With a moniker suggesting a vast lake or river nearby but adjacent to neither, Steamboat Springs is an oddly named place. A quick Google search will inform any amateur historian that the name comes from the sounds emitted from the area’s numerous hot springs which early settlers likened to a steamboat.
History aside, our trip (sans Crosby) to Steamboat Springs actually began with two days in one of our favorite cities, Fort Collins. We spent two days running errands, shopping, eating, relaxing, and exploring more of Poudre Canyon. Highlights included a hike to a picnic spot in the Red Feather Lakes area, an excellent pizza dinner at Otto Pint, and sleeping in past 6am. The rough itinerary for the second leg of our journey included 3 nights backpacking, 2 nights at Strawberry Park Hot Springs, and a free day or two.
We had never ventured over the Front Range via CO-14 and the drive proved beautiful, but the views were hampered by persistent rain and clouds. Luckily, the rain abated as we arrived in Steamboat and made our way north to the Slavonia Trail Head where we were going to strike out for either Mica or Gilpin Lake (we hadn’t decided yet). Speaking with some helpful locals in the parking area, we decided Mica sounded a little more up our alley with a shorter approach, camping closer to the lake, and perhaps most importantly, fewer people.
The hike up was short, but steep and we made good time as a result of the brooding thunderheads building overhead. Soon after arriving at the lake, these thunderheads turned into a high altitude thunderstorm complete with hail and high winds. We set up camp in the midst of the squall, the wind bending one of our aluminum tent poles in the process. Our gear secured for the moment, we shared a beer in the tent and napped until the storm passed.
The next morning was bright and crystal clear. We spent the morning fishing and the afternoon climbing an easy saddle north of Mica Lake and up the shoulder of Little Agnes Mountain for a picnic. The view back down into the valley was spectacular and well worth the time and effort of the climb.
Our original plan was to camp in the backcountry for three nights, however, the forecast for our final day was not ideal and neither one of us relished the thought of packing up wet gear. We decided to enjoy our second morning and then head down the trail in the early afternoon. Another, smaller storm had passed through in the wee hours of our second night and finally brought us some fishing luck. Molly and I fished away the morning, both catching some decent brookies and cutthroat.
The hike out was cake and upon returning to our vehicle, we decided to drive north to the Hahn’s Peak area to see if we could find anywhere decent to camp in our 4-Runner. Although the Hahn’s Peak Roadhouse was an interesting diversion after a few days in the backcountry, we didn’t see any decent camping spots on the numerous 4WD roads in the area. Damn, we would just have to find a hotel… Equipped with the reasoning that it would be our 10-year anniversary in September we booked a night at the Steamboat Grand. The hotel was well-appointed with beautiful outdoor pools and we savored our evening in 5-star accommodations after two nights in a tent.

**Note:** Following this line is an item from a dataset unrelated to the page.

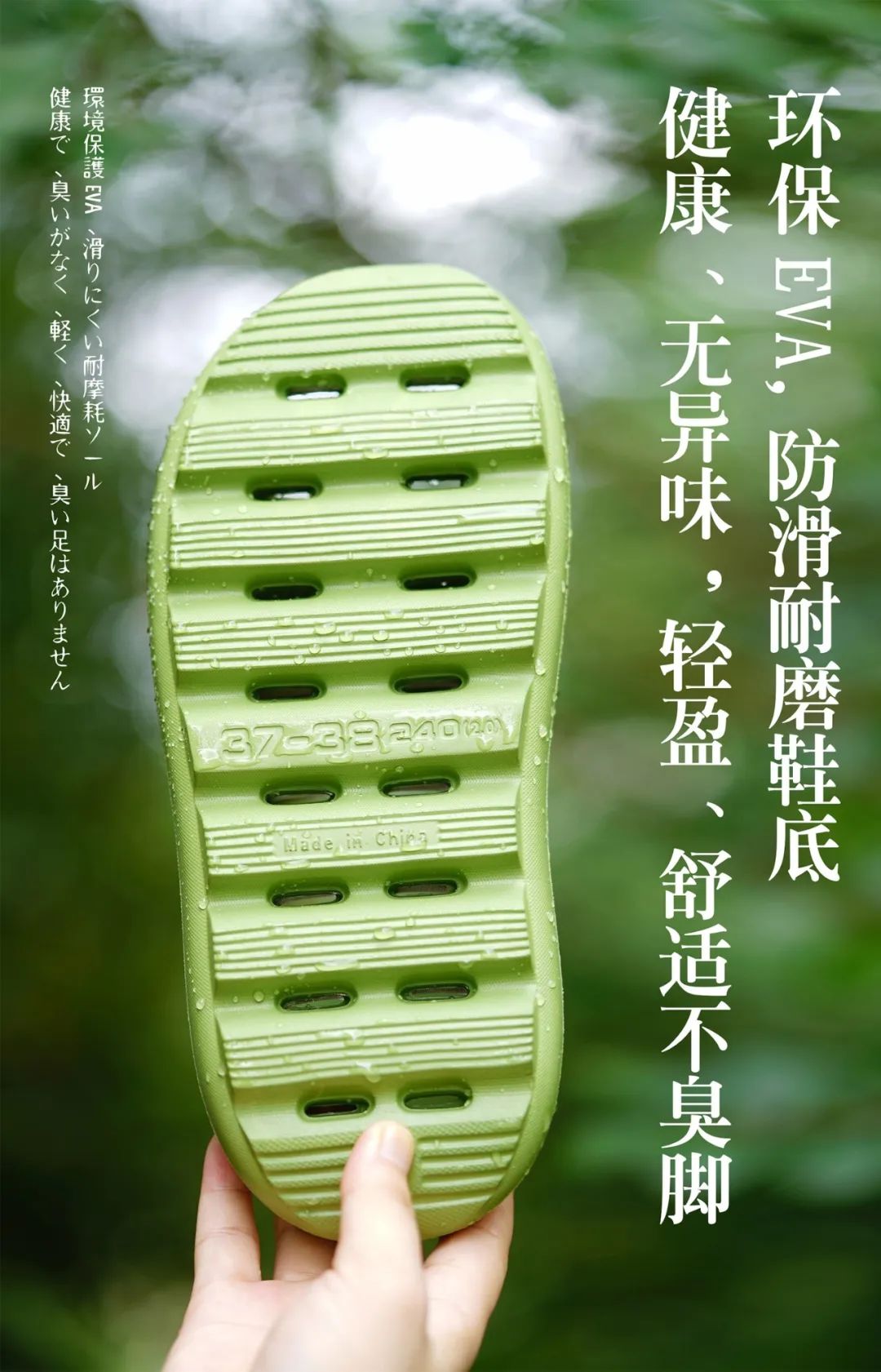 1、环保EVA材质:健康、无异味,轻盈、舒适不臭脚,

Our check-in at Strawberry Park was not until 5pm the following day so we spent the morning and most of the afternoon exploring Steamboat. The shopping was plentiful and the fly fishing in the Yampa River running through town was exceptional.
After a successful day depleting our bank account and catching hefty trout, we checked into Cabin 4 at Strawberry Park Hot Springs and were completely blown away. Our one-room cabin was tucked back privately into a mountainside overlooking a valley with a great view of the sunset. The pools themselves were a masterpiece blending engineering, art, and nature together in perfect balance. We spent the days at Strawberry soaking in the many pools, playing in the icy stream, and grilling at the cabin.
As with all good things, our time at Strawberry Park had to end and we reluctantly took one last morning soak before pointing the car southeast toward Denver and our patiently waiting son at his grandparents’ in Iowa. Not wanting to tackle the entire drive from Steamboat to Iowa in one day, we decided to give the vanlife a try. Since we didn’t own a van, we had thrown a futon mattress in the back of our 4-Runner in hopes we would find some good (and free!) camping in a national forest. As luck would have it, we found a great spot along a 4WD road in Arapahoe National Forest about an hour outside of Denver. We cooked dinner, piled our gear into the front seats and on top of the truck, and cozied up with a book. On the drive east the following day, Molly and I both agreed that this version of camping was much faster, cheaper, and warmer than the tent option.
On our somewhat truncated drive back East, Molly and I reflected on our trip. This had been the first vacation she and I had taken alone since the birth of our son over a year and a half prior. As much as we missed Crosby, it was a genuine treat to spend 10 days away from the real world with each other reconnecting.